Effectively managing this risk requires a layered approach that combines strong technical controls, continuous monitoring, and informed, security-aware users.
- Immediately remove the malicious extensions and review endpoint telemetry to identify affected users, extension IDs, and potential data exposure.
- Treat browser extensions as a managed attack surface by enforcing allowlists, blocking sideloading, and revalidating extensions when permissions or ownership change.
- Use endpoint and browser management tools to enforce corporate browser profiles and prevent unauthorized extension installation.
- Apply data loss prevention (DLP) controls and logging to AI usage to detect and limit the exposure of sensitive data shared with AI platforms.
- Monitor browser and network activity for indicators of extension-based compromise, including abnormal API usage and suspicious outbound connections.
- Train employees on the risks of AI-enabled browser extensions and enforce least-privilege access for AI tools.

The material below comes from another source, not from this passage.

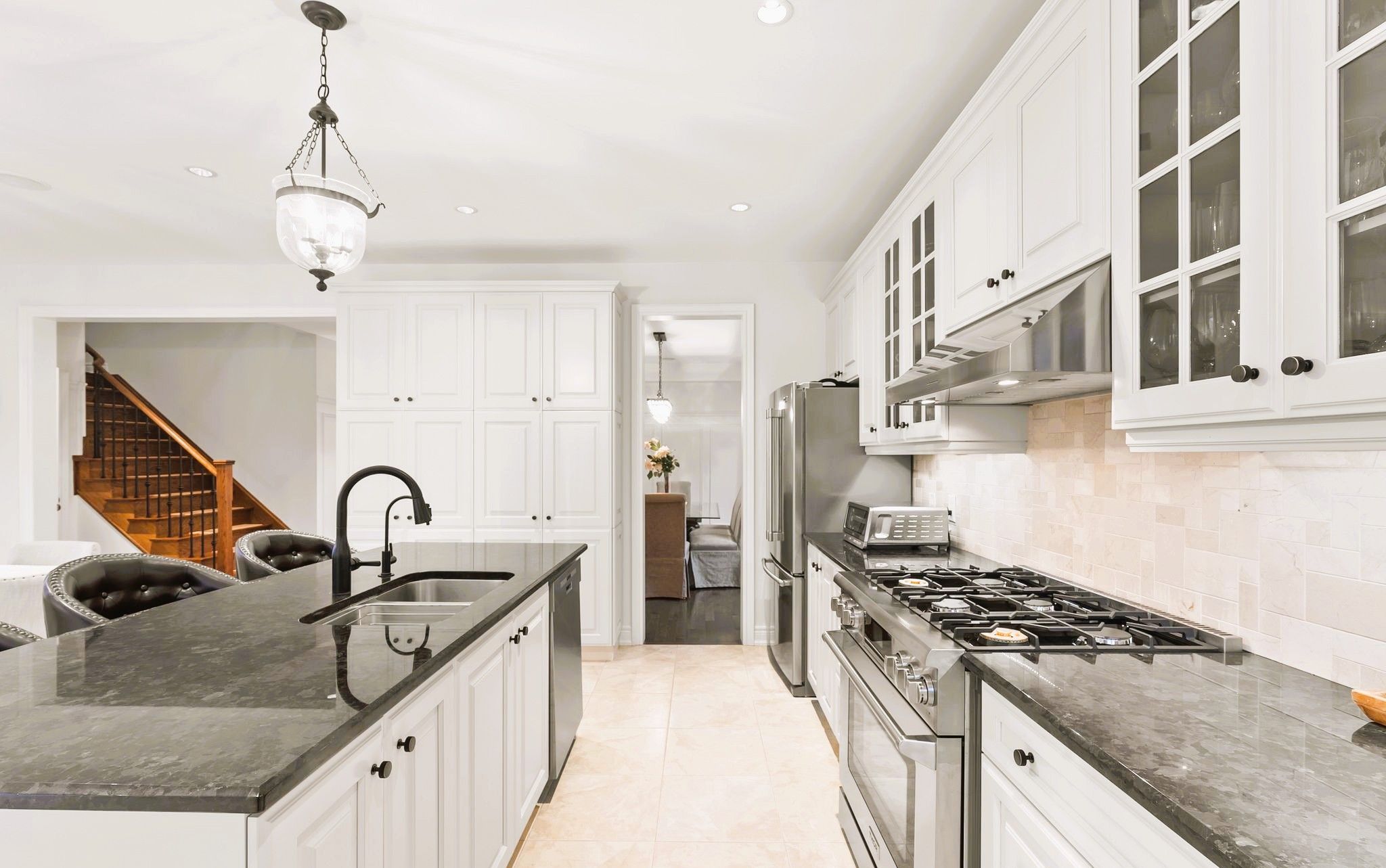 • Gourmet kitchen with high-end stainless steel appliances and gas range.

- Regularly test incident response plans with extension- and AI-related scenarios to ensure teams can quickly contain breaches and assess data exposure.
Together, these measures help organizations move from reactive cleanup to proactive defense by reducing the risk that browser extensions become a silent gateway for data theft and compromise.
The Rise of Low-Friction, Trust-Based Attacks
Adversaries are increasingly shifting away from exploiting traditional software vulnerabilities and instead targeting trusted software supply chains and widely used, user-facing tools that sit closest to sensitive data.
As AI becomes deeply embedded in everyday workflows, attackers are following the data — abusing convenience, implicit trust, and gaps in visibility to gain access without triggering conventional security controls.
These low-friction techniques allow threat actors to operate quietly at scale, turning routine tools and integrations into effective entry points for data theft and compromise.
As attackers exploit implicit trust instead of technical flaws, organizations are increasingly turning to zero-trust models that continuously verify access to data and systems.